Records for processing START

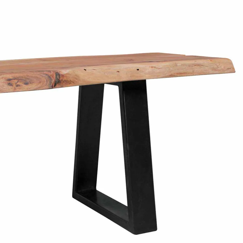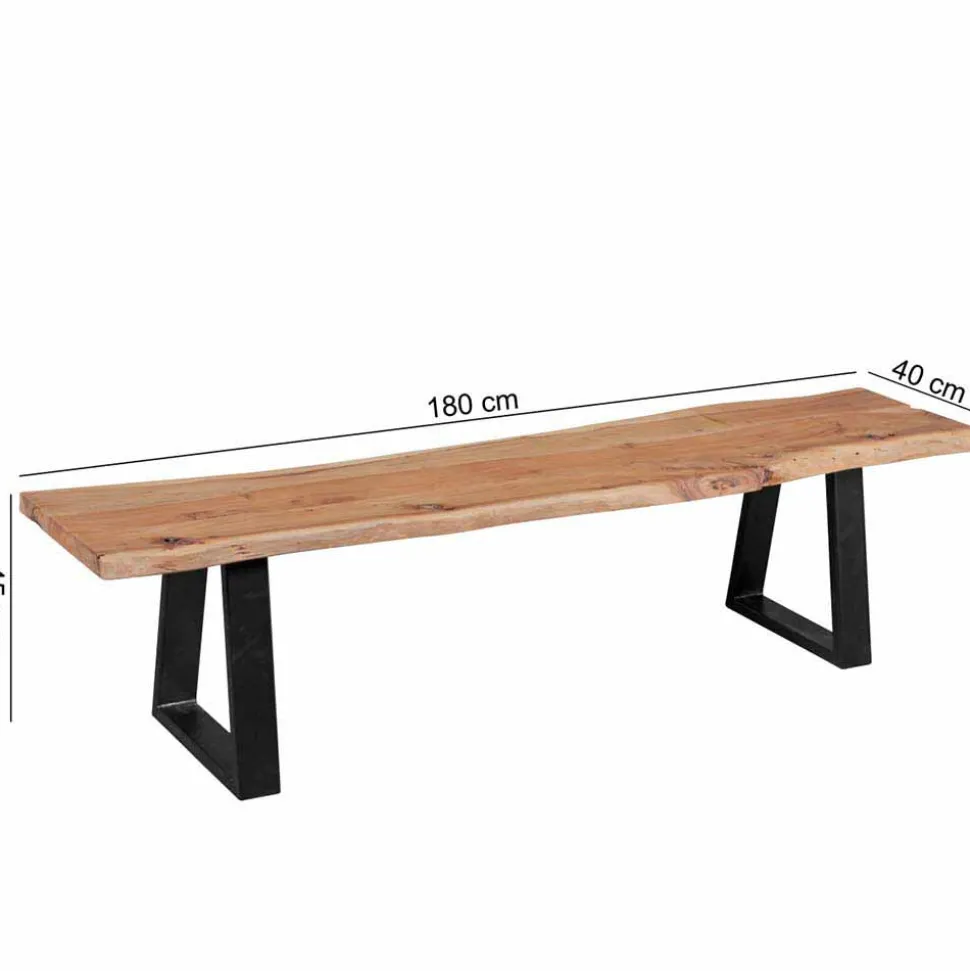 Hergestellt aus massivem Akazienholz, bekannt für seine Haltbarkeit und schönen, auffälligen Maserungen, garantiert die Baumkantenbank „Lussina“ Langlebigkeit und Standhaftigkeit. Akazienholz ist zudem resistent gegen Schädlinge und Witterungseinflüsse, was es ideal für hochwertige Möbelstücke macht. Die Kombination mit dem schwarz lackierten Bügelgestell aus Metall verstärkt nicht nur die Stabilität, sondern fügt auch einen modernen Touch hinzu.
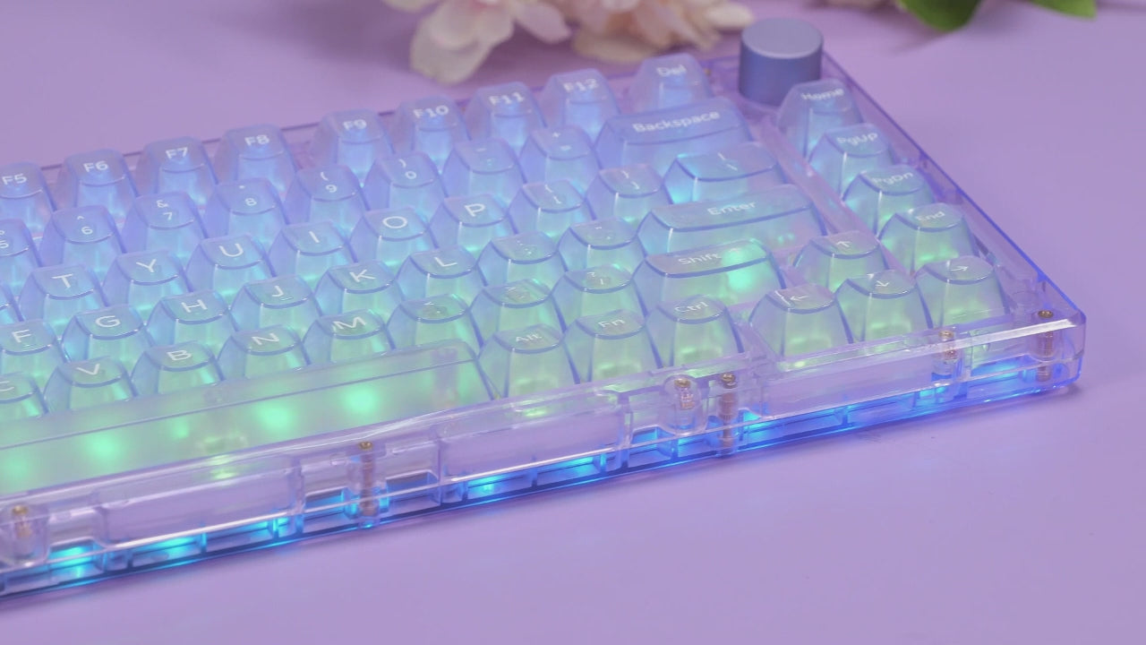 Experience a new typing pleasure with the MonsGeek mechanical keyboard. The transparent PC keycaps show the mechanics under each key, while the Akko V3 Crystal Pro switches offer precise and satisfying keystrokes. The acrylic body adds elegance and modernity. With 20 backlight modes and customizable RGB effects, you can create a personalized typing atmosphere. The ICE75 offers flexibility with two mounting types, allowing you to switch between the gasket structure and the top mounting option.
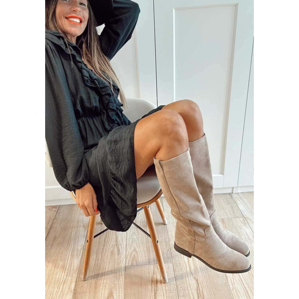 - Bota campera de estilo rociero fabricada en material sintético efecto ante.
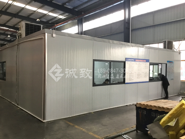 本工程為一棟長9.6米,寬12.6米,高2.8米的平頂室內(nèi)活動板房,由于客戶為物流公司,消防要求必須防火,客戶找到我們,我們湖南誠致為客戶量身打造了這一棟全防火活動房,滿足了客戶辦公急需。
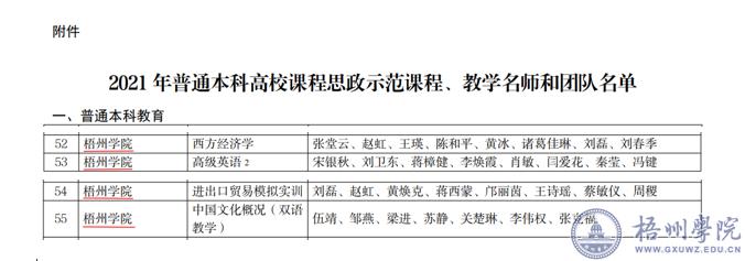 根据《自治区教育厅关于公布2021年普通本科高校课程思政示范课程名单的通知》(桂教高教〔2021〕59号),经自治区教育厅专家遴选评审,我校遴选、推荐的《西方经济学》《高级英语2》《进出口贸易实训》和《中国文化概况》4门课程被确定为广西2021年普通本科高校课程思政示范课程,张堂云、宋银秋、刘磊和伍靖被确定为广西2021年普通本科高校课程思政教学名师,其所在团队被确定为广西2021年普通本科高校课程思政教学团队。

Records for processing END

What the exercise asks: Every line of the records above should be copied exactly, while the pictures are left behind.

Problem solution:
 Hergestellt aus massivem Akazienholz, bekannt für seine Haltbarkeit und schönen, auffälligen Maserungen, garantiert die Baumkantenbank „Lussina“ Langlebigkeit und Standhaftigkeit. Akazienholz ist zudem resistent gegen Schädlinge und Witterungseinflüsse, was es ideal für hochwertige Möbelstücke macht. Die Kombination mit dem schwarz lackierten Bügelgestell aus Metall verstärkt nicht nur die Stabilität, sondern fügt auch einen modernen Touch hinzu.
 Experience a new typing pleasure with the MonsGeek mechanical keyboard. The transparent PC keycaps show the mechanics under each key, while the Akko V3 Crystal Pro switches offer precise and satisfying keystrokes. The acrylic body adds elegance and modernity. With 20 backlight modes and customizable RGB effects, you can create a personalized typing atmosphere. The ICE75 offers flexibility with two mounting types, allowing you to switch between the gasket structure and the top mounting option.
 - Bota campera de estilo rociero fabricada en material sintético efecto ante.
 本工程為一棟長9.6米,寬12.6米,高2.8米的平頂室內(nèi)活動板房,由于客戶為物流公司,消防要求必須防火,客戶找到我們,我們湖南誠致為客戶量身打造了這一棟全防火活動房,滿足了客戶辦公急需。
 根据《自治区教育厅关于公布2021年普通本科高校课程思政示范课程名单的通知》(桂教高教〔2021〕59号),经自治区教育厅专家遴选评审,我校遴选、推荐的《西方经济学》《高级英语2》《进出口贸易实训》和《中国文化概况》4门课程被确定为广西2021年普通本科高校课程思政示范课程,张堂云、宋银秋、刘磊和伍靖被确定为广西2021年普通本科高校课程思政教学名师,其所在团队被确定为广西2021年普通本科高校课程思政教学团队。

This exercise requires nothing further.